Summertime, and the living is easy in Santa Cruz County. But as our green hills turn yellow, homeowners are reminded that we’ve had some destructive fire seasons in recent years.

In 2008, three major fires scorched the county: the Summit Fire near Corralitos, the Trabing Fire along Highway 1 in Larkin Valley and the Martin Fire that burned 520 acres and destroyed three homes in Bonny Doon.

Then came the summer of 2009, with the Lockheed Fire that burned 7,817 acres and destroyed 13 outbuildings, again in the Bonny Doon area.

This summer, we got a reminder of how devastating wildfires can be when the Waldo Canyon Fire near Colorado Springs burned more than 18,000 acres, destroyed 347 homes and killed two residents.

Which brings me to a subject most people don’t like to think about: homeowners insurance.

“Your home is probably your biggest investment,” said Laureen Yungmeyer, an insurance agent in Santa Cruz. “You need insurance.

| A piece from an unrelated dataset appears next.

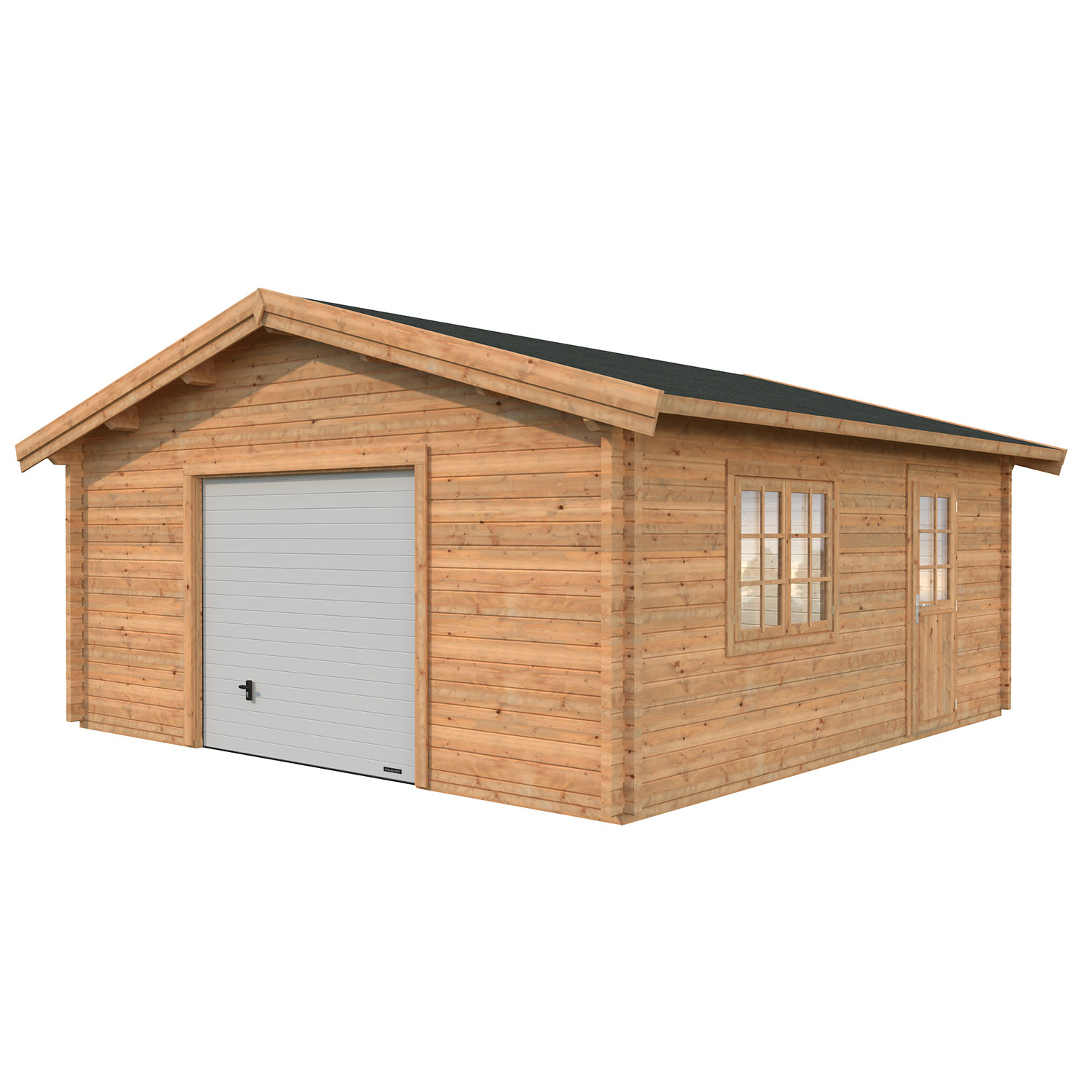 Die Palmako Garage Roger mit Sektionaltor hat eine Grundfläche von 27,7 m² und eine Wandstärke von 70 mm. Die Garagenmodelle von Palmako sind aus nordischer Fichte gefertigt. Das schöne Design passt sich an jedes Grundstück perfekt an. Neben der Möglichkeit Ihr Fahrzeug unterzustellen kann es auch als Gerätehaus dienen. Das nordische Fichtenholz ist hellbraun tauchgrundiert und durch die Herstellung aus robustem Massivholz besonders langlebig und beständig.

But many people buy homeowners insurance as if they’re buying a carton of milk. They’re doing themselves a great disservice by not doing enough research.”

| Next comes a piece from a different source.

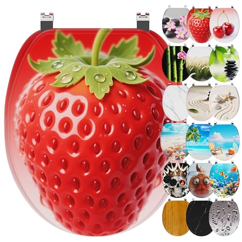 Ribelli Abattant de WC avec système d'abaissement automatique - Couvercle de toilette en forme de O - Nombreux motifs - Montage facile - Facile à nettoyer - Environ 46 x 37 cm - Fraise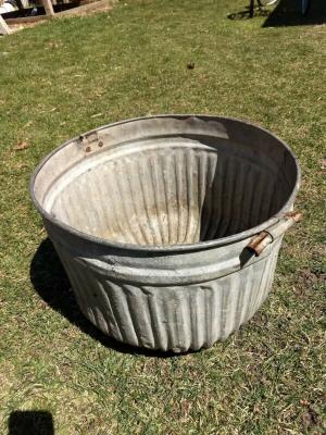 Antique Vintage round Galvanized Metal Wash tub bushel basket ribbed 1 1/2

If you are buying insurance for the first time, a good place to start is asking friends if they know an insurance agent they trust. If you already have insurance, you should periodically review your policy.

In either case, make sure the company you deal with is solid. The California Department of Insurance offers tips through its website — — including a record of complaints. It also has a telephone hotline, 800-927-HELP (4357).

Another key step is deciding how much coverage you need. That means estimating how much it would cost to rebuild your house if it burned down.

The National Association of Insurance Commissioners says the land under the house isn't at risk from fire, theft and other dangers covered by homeowners insurance, so don't include its value in deciding how much insurance to buy. If you do, you will pay more than you should.

An agent or online insurance quote service can give you an idea of how much a policy will cost.

Companies that sell homeowners and auto insurance will give you a discount of 5 to 15 percent if you buy two or more policies from them. But make certain the combined price is lower than buying coverage from separate companies.

Buying a policy with a high deductible is another way to cut costs. The deductible is the amount you have to pay out of your pocket before the insurance company will cover the remaining costs.

Most insurance companies recommend a deductible of at least $500, says the National Association of Insurance Commissioners. The association says raising your deductible to $1,000 may save you as much as 25 percent. Raising it to $2,000 would save even more.

Yungmeyer also prefers policies with high deductibles. She says that means you don’t call your insurance company if your fence is damaged; you call if your house burns down.

“You need insurance to cover catastrophic losses, not inconveniences,” she said.